## DATASET EXCERPTS
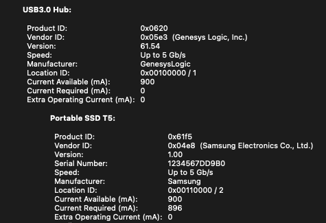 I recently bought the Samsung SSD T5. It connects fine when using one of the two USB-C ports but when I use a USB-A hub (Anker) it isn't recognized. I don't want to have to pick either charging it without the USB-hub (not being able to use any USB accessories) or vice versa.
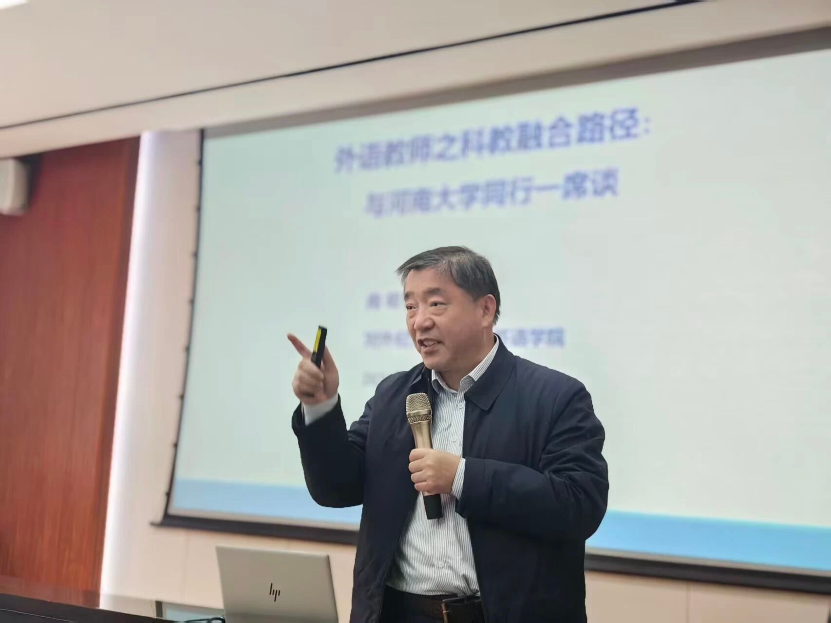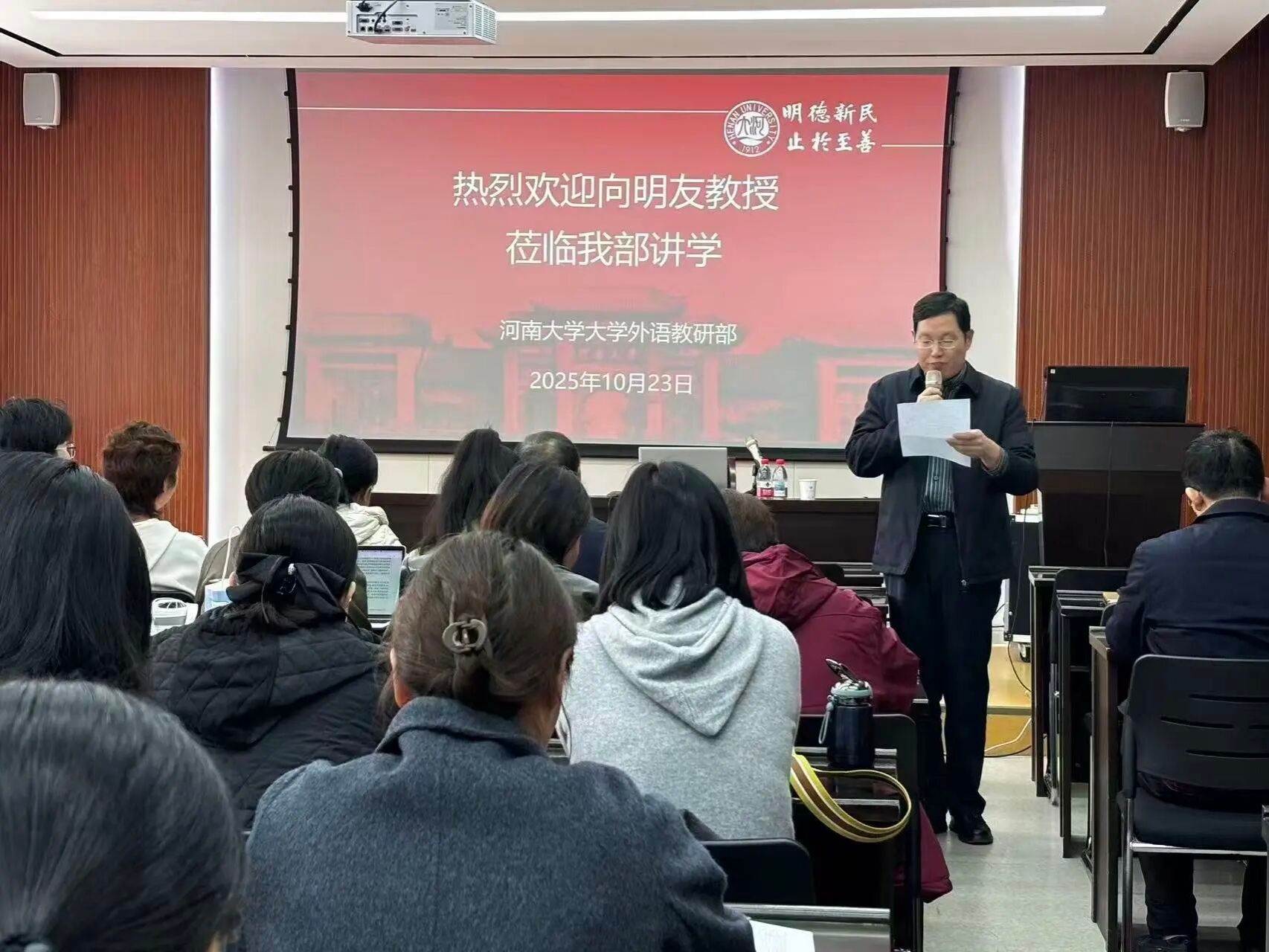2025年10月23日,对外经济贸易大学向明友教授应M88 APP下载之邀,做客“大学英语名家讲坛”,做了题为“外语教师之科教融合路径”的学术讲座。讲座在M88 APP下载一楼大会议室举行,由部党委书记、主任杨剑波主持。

==

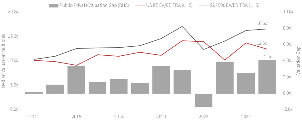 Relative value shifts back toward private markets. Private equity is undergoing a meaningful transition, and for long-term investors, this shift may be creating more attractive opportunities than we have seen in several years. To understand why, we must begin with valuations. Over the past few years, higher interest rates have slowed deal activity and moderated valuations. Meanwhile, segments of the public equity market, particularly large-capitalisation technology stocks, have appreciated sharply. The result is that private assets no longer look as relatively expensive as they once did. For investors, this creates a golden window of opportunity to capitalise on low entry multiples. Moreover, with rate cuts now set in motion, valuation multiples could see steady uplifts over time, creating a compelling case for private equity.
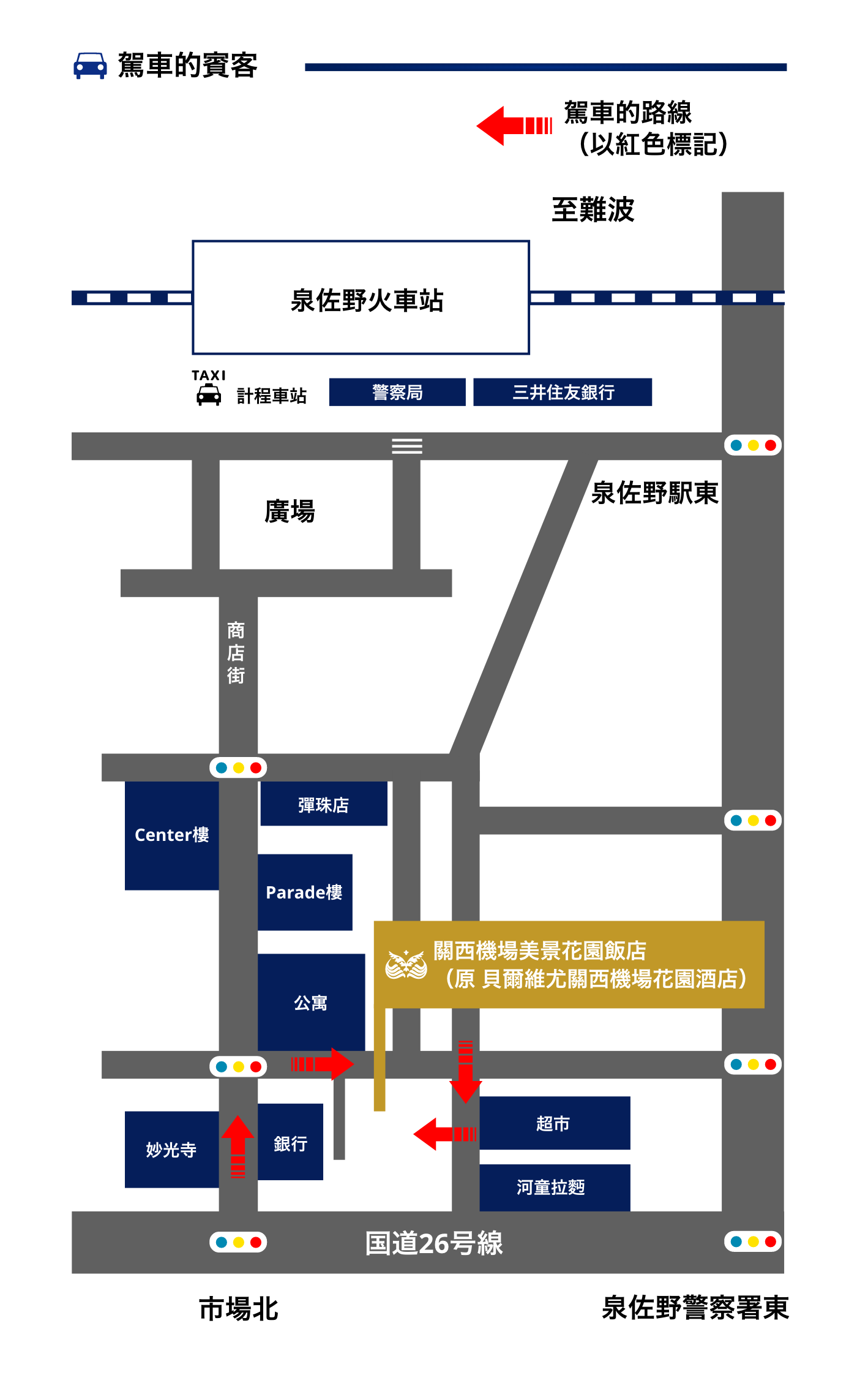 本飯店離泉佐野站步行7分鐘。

## YOUR OBJECTIVE
Copy word for word the lines of the records above from the one with "Relative value shifts" up to and including the one with "本飯店離泉佐野站步行7分鐘。". Skip the pictures.

## OUTPUT
 Relative value shifts back toward private markets. Private equity is undergoing a meaningful transition, and for long-term investors, this shift may be creating more attractive opportunities than we have seen in several years. To understand why, we must begin with valuations. Over the past few years, higher interest rates have slowed deal activity and moderated valuations. Meanwhile, segments of the public equity market, particularly large-capitalisation technology stocks, have appreciated sharply. The result is that private assets no longer look as relatively expensive as they once did. For investors, this creates a golden window of opportunity to capitalise on low entry multiples. Moreover, with rate cuts now set in motion, valuation multiples could see steady uplifts over time, creating a compelling case for private equity.
 本飯店離泉佐野站步行7分鐘。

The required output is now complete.